=== Section Start ===
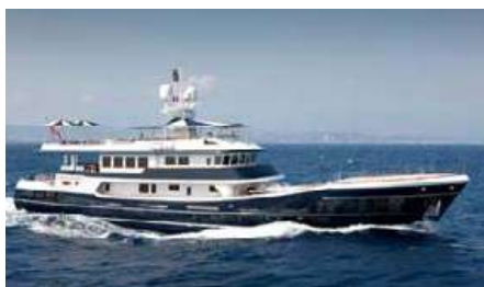
THE MERCY BOYS Length: 48.60 m Guest/Crew: 12/11 Area: East/West Mediterranean Rate: From EUR 90 000/week
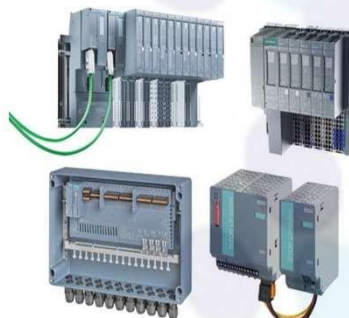
Remote I/O PLC
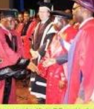
MZU staff procession - HPL LIBRARY
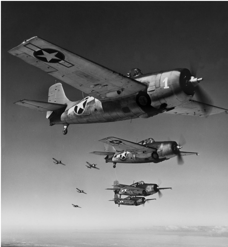
F4F Wildcats in flight.
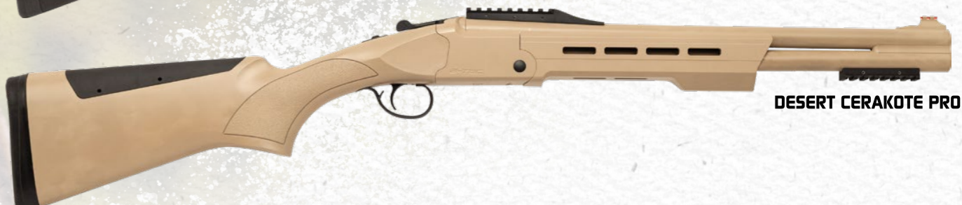
DESERT CERAKOTE PRO

An easy to operate over&under shotgun with a short barrel equipped with picatinny rails and fiber optic front sights.
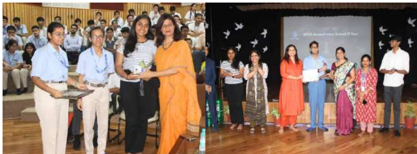
Tech talent shines at DPSG's Infinitius!
=== Section End ===
Repeat each line of the records exactly. Do not include the pictures.

▶ [Result of this task]
THE MERCY BOYS Length: 48.60 m Guest/Crew: 12/11 Area: East/West Mediterranean Rate: From EUR 90 000/week
Remote I/O PLC
MZU staff procession - HPL LIBRARY
F4F Wildcats in flight.
DESERT CERAKOTE PRO

An easy to operate over&under shotgun with a short barrel equipped with picatinny rails and fiber optic front sights.
Tech talent shines at DPSG's Infinitius!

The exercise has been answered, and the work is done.